Localization in 2D Quantum percolation

TL;DR

This paper investigates quantum transport in 2D percolation systems across various regimes, revealing persistent localization near the band center, novel conductance quantization in small systems, and confirming Pendry's conjecture on rare conducting states.

Contribution

It provides a comprehensive numerical analysis of localization, conductance distributions, and rare resonant states in 2D quantum percolation, including new observations of conductance quantization and validation of Pendry's conjecture.

Findings

Persistent Anderson localization near the band center.

Observation of partial conductance quantization in small systems.

Confirmation of Pendry's conjecture on rare conducting samples.

Abstract

Quantum site percolation as a limiting case of binary alloy is studied numerically in 2D within the tight-binding model. We address the transport properties in all regimes - ballistic, diffusive (metallic), localized and crossover between the latter two. Special attention is given to the region close to the conduction band center, but even there the Anderson localization persists, without signs of metal - insulator transition. We found standard localization for sufficiently large samples.
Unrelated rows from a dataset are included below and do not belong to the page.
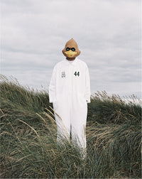 The result is something playful, sharp, and unmistakably new. Shot on windswept UK sand dunes, the campaign feels both surreal and grounded. Think checkerboard shorts and retro sneakers, zip-throughs worn loose, and a guy in a duck mask teeing off into the horizon. It shouldn’t work. And yet, it does.
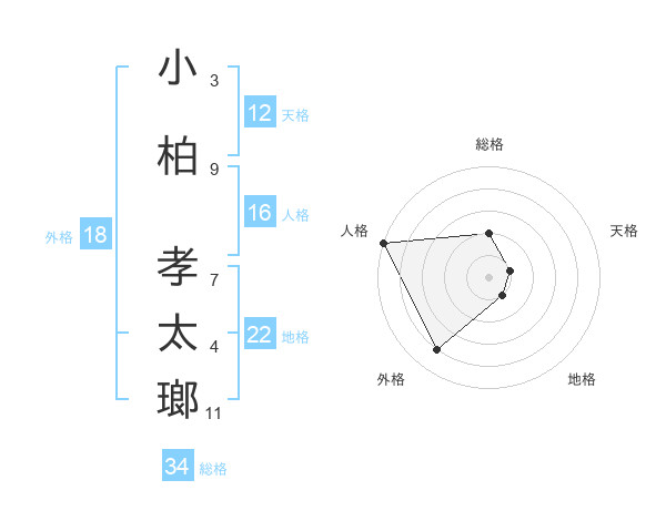 小柏 孝太瑯さんを姓名の画数から五運を鑑定
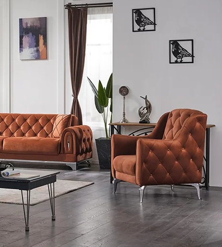 El Sillón de lujo marrón Chesterfield es la máxima expresión de elegancia y confort, diseñado para quienes aprecian la sofisticación en cada detalle. Su tapizado en poliéster de alta calidad ofrece una textura suave y duradera, mientras que su tonalidad marrón aporta calidez y distinción a cualquier salón. Este icónico sillón, con sus líneas clásicas y su estructura robusta, es una pieza central que transforma el ambiente en un refugio exclusivo. Con más de 20 años creando muebles de lujo, nuestra marca garantiza un diseño atemporal que no solo realza su espacio, sino que también refleja un estilo de vida refinado. Elegir este sillón es optar por el arte de vivir con distinción.
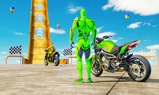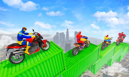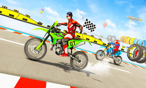 Super Bike stunt games 3d have a lot fun for players who want to become real bike stunt racer. Take part in rider bike racing which enables you to learn stunt bike freestyle. Superhero Ramp bike racing game offers amuse, high jumps and stunt challenges. Flips on mountain, turns, steep roads and amazing stunts make real bike racing games only one of its kind. Rider bike racing game is free mobile game. Make racing stunt game part of your android smartphone and enjoy endless thrill.
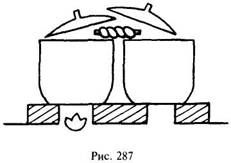 Обыкновенная столовая ложка или примерно такого же размера ветка обматывается вкруговую тряпкой или сухой травой и укладывается на два стоящих рядом котелка, кастрюли или металлические банки. Сверху котелки и палочка накрываются крышками, как показано на рисунке. Под первым котелком разводится слабый огонь, при этом надо стараться, чтобы второй котелок не нагревался. Испаряющаяся вода будет осаждаться на крышках и по ветке стекать во второй котелок. За 3-4 ч работы куба подобным образом можно получить до 1 л дистиллированной воды.
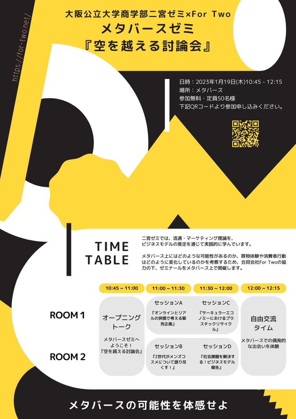 大阪公立大学商学部二宮ゼミと共同でメタバース上にてオープンゼミを開催します。開催日時は2023年1月19日(木)10時45分〜12時15分。
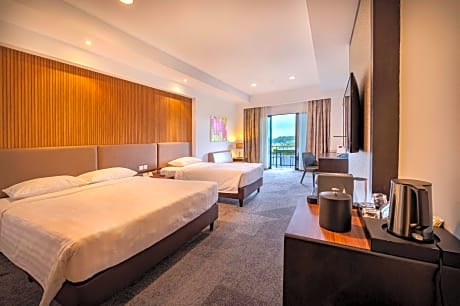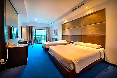 This spacious air-conditioned quadruple room features a private balcony. The room is fitted with a flat-screen satellite TV, electric kettle, safe and desk. The private bathroom includes shower facilities, a hairdryer and free toiletries.
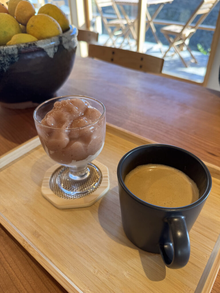 ちょうどお茶の時間でしたので、紀の川果実の食べるスムージーと、自家製いちじくジャムのデニッシュトーストを注文しました(*^^*)

For smaller systems, novel partial quantization of Landauer conductances, i. e. most values close to small integers in arbitrary units is observed at band center. The crossover types of conductance distributions (outside the band center) are found to be similar to systems with corrugated surfaces. Universal conductance fluctuations in metallic regime are shown to approach the known, theoretically predicted value. The resonances in localized regime are Pendry necklaces. We tested Pendry's conjecture on the probability of such rare conducting samples and it proved consistent with our numerical results.